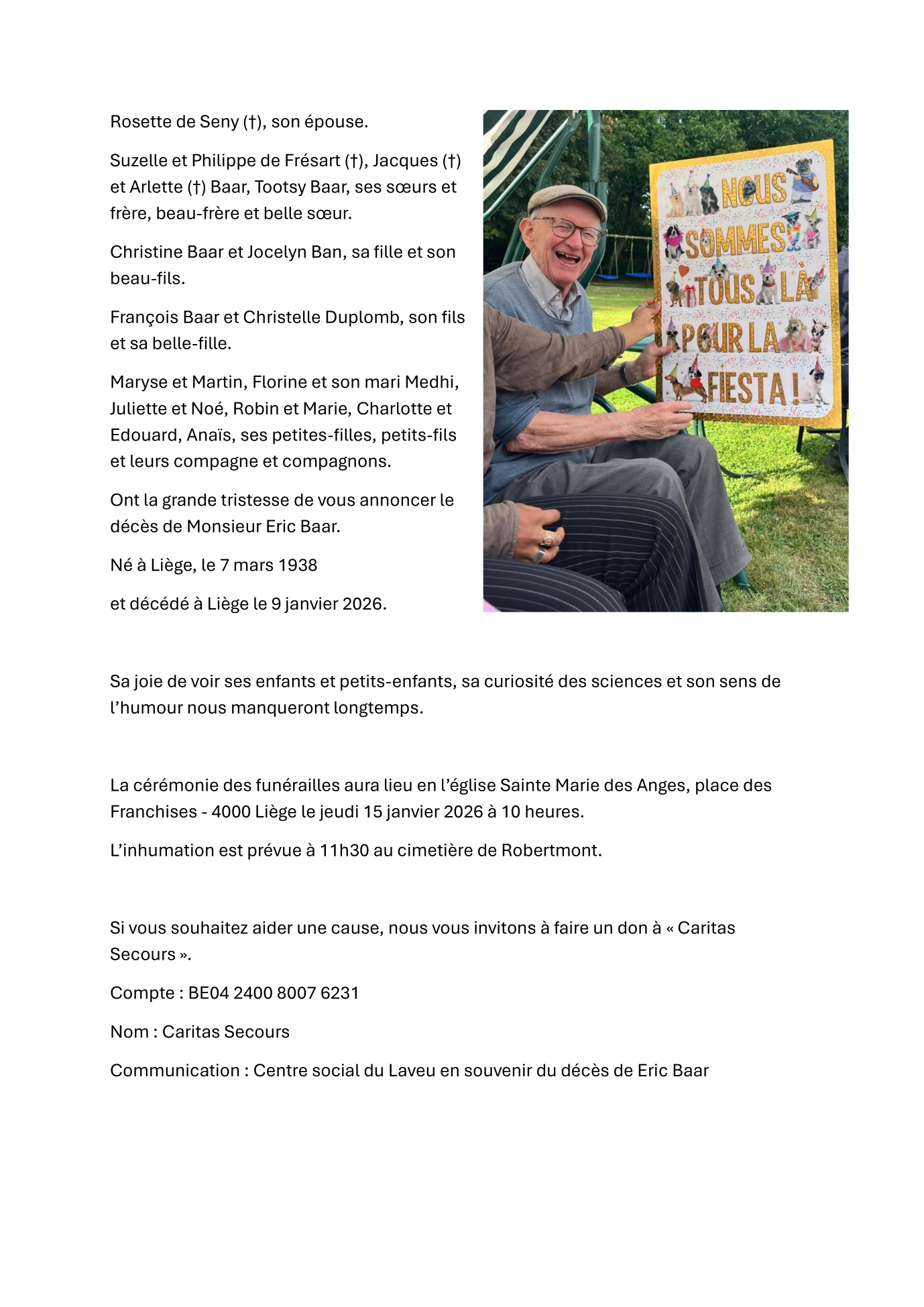 Overleden te Liège (4000) op maandag 12 januari 2026 op 87-jarige leeftijd
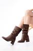 Женские современные стильные модные ботинки из искусственной кожи Albertine, коричневые ботинки на молнии на тонком искусственном меху на толстом каблуке
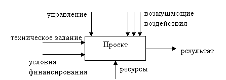 В системном плане проект может быть представлен черным ящиком, входом в который являются технические требования и условия финансирования, а итогом работы – достижение требуемого результата. Выполнение работ обеспечивается наличием необходимых ресурсов: материалов, оборудования, работников.
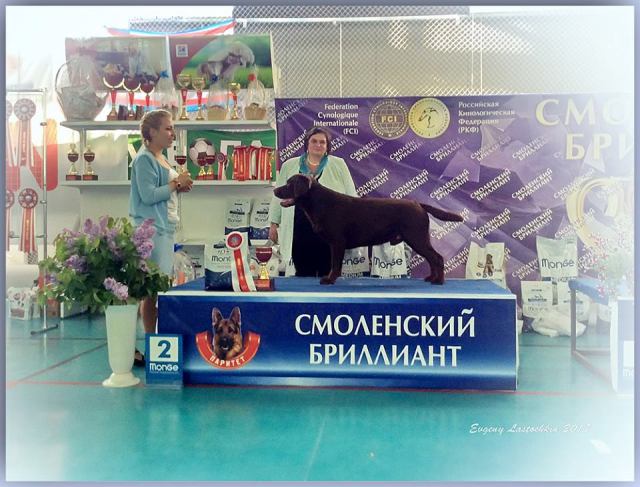 INTER CH, CH BLR, CH FIN, CH UKR, CH RUS, 4xCACIB, 3xRCACIB, 20xCAC, CH RKF, FT-DUCK, Hips-A\A, Elbows-0 |
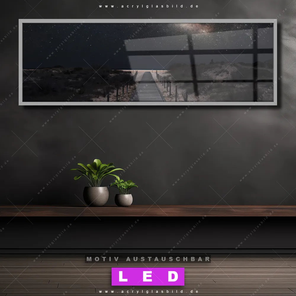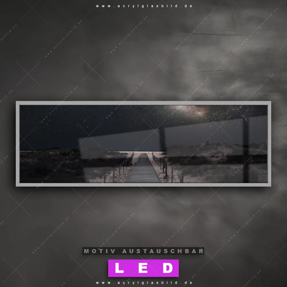 Deine Wände könnten dringend ein dimmbares LED Bild mit Fernbedienung und optionaler Farbtemperatursteuerung gebrauchen? Dann haben wir das perfekte Wandbild mit LED Beleuchtung für dich: unser mega-cooles Landschaften, Strand - Meer Canvalight® DIA LED Acrylglasbild! Mit unserem angesagten Leuchtbild aus Acrylglas im Panorama-Format und der austauschbaren bedruckten Acrylglas-Scheibe Milchstraße über einem Holzweg bringst du nicht nur Licht, sondern auch jede Menge Flair in deine Räume.

────────

The expected output is every line of the data, unchanged, with the pictures skipped.

• [Output of the task]:
 Overleden te Liège (4000) op maandag 12 januari 2026 op 87-jarige leeftijd
 Женские современные стильные модные ботинки из искусственной кожи Albertine, коричневые ботинки на молнии на тонком искусственном меху на толстом каблуке
 В системном плане проект может быть представлен черным ящиком, входом в который являются технические требования и условия финансирования, а итогом работы – достижение требуемого результата. Выполнение работ обеспечивается наличием необходимых ресурсов: материалов, оборудования, работников.
 INTER CH, CH BLR, CH FIN, CH UKR, CH RUS, 4xCACIB, 3xRCACIB, 20xCAC, CH RKF, FT-DUCK, Hips-A\A, Elbows-0 |
 Deine Wände könnten dringend ein dimmbares LED Bild mit Fernbedienung und optionaler Farbtemperatursteuerung gebrauchen? Dann haben wir das perfekte Wandbild mit LED Beleuchtung für dich: unser mega-cooles Landschaften, Strand - Meer Canvalight® DIA LED Acrylglasbild! Mit unserem angesagten Leuchtbild aus Acrylglas im Panorama-Format und der austauschbaren bedruckten Acrylglas-Scheibe Milchstraße über einem Holzweg bringst du nicht nur Licht, sondern auch jede Menge Flair in deine Räume.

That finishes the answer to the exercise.